A540/A530 Content Distribution Methods

Topics related to delivering files to Set-top Boxes.

A540/A530 Content Distribution Methods

Postby Cilutions Support » Mon May 23, 2011 3:07 pm

The Amino A540/A530 STB includes a hard drive used to store files which contain assets to play (e.g., videos, RSS files, graphics), metadata (e.g., screenlists, playlists, VOD menus, schedule files) and recorded video (e.g., created on-demand by a local user when viewing a live video stream). All but the recorded video must be loaded onto the local hard drive in order to play. The methods for loading are:

Multicast File Reception

In this mode the STB includes an embedded Digital Media Bridge (DMB) Receiver which works together with the DMB Sender for multicast file transmission and reception. Here the client application interacting with the Sender designates the set of STBs, specified as one or more user-defined STB identifiers (i.e., ascii names), to "push" all files to the addressed STBs. This method, of course, is supported only in networks with multicast connectivity between the Sender and Receivers (e.g., satellite-based networks).

FTP File Pull

Here the STB periodically "pulls" files from an external FTP Server.

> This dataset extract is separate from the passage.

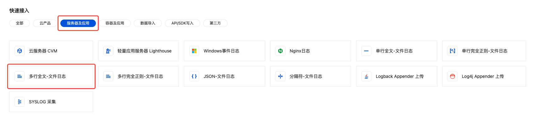 3. 在快速接入中,选择服务器及应用,并单击多行全文-文件日志,进入采集配置流程。

The poll frequency and bit rate is configurable on each STB to control bandwidth usage in the network.

FTP File Push

Here an external FTP client (like the FTP client included in the Screen Builder application or even a stand-alone FTP client like FileZilla) can be used to log into a particular STB to "push" files to the box.

USB Plug and Play

Here a user can save files onto a USB Fash Drive and insert the drive into the USB port on the STB. The DMB media player on the STB supports a variety of file systems (e.g., FAT32, NTFS, ext3). Once inserted the STB will copy all files in the root directory on the USB drive to the local hard drive on the STB. When copying is finished the LED on flash drive will show LED inactivity as a signal to the local user that the USB drive can be removed.

Note that a combination of these methods can be used to complement each other as appropriate. For example, on a multicast network, it may make sense to push video files that are common to many STBs over the multicast connection and to deliver STB-specific files (e.g., metadata and/or individual videos unique to a particular location) using the "FTP File Pull" or "USB Plug and Play" methods.